YouTube TV gets 7 years of NFL Sunday Ticket streaming, beating Apple’s bid, reports say
Apple wanted more than NFL would give, took its ball and went home
➡️ The Shortcut Skinny: YouTube intercepts Apple’s hail Mary 🏈
🤝 The NFL agrees to $2 billion/year YouTube TV NFL Sunday Ticket deal
🏘️ YouTube has residential rights, may get commercial for additional $200 million
📈 Deal will likely bolster YouTube’s subscriber count significantly
🍏 Apple lost the deal after asking for international and in-market rights
💔 There’s speculation Apple deal fell apart over AR/VR streaming rights as well
YouTube will be the new home of NFL Sunday Ticket, taking the intensely popular broadcast over from DirecTV, who currently pays $1.5 billion for the privilege.
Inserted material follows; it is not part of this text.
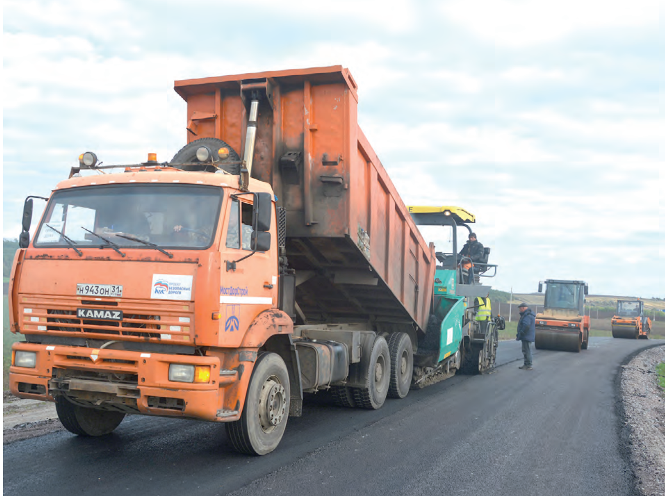
Завершающий этап работы на автодороге Камышенка-Готовье-Вербное.

Sources allege YouTube will get residential rights to stream the broadcast for seven years, beginning in 2023, after the National Football League accepted its $2 billion-per-season offer, which is down from the originally-rumored $3.5 billion asking price according to The Wall Street Journal. The deal leaves room for the price to go up, should viewership reach certain levels. The Journal also reports the NFL may license commercial rights for another $200 million.
YouTube’s bid here will be a boon for the nascent internet cable subscription, which reportedly hit 5 million subscribers in July 2022 – a new high for the service – a number that nevertheless falls well shy of standard YouTube’s 2.2 billion users. The new deal will also probably hit DirecTV hard in a time when the service has already been hammered by cord cutting, which has seen the service lose over 30% of its subscribers in the last five years, according to the article.
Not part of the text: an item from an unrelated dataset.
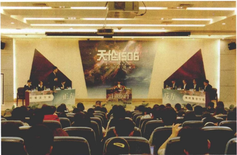
2011年12月，西南政法大学第十二届“天伦1506”辩论赛比赛现场。

The competitive NFL broadcast market
The rumor mill has been on fire regarding who would win the rights to NFL Sunday Ticket leading up to DirecTV’s contract expiration. Bids for the broadcast came from Amazon, which already won the rights to Thursday Night Football in 2021, massively boosting its subscription numbers during games, as well as from Apple and ESPN.
Apple, which inked a $2.5 billion deal for Major League Soccer rights over the summer and made a springtime deal with the MLB to show Friday night games, reportedly stepped away from the bargaining table for the NFL, saying it didn’t see the logic in the expensive license.
It sounds as though Apple expected more than the League wanted to give, reportedly asking for rights to stream internationally, as well as local, in-market games – both features of its 10-year MLS deal, but which NFL is reportedly unwilling to concede to (thankfully).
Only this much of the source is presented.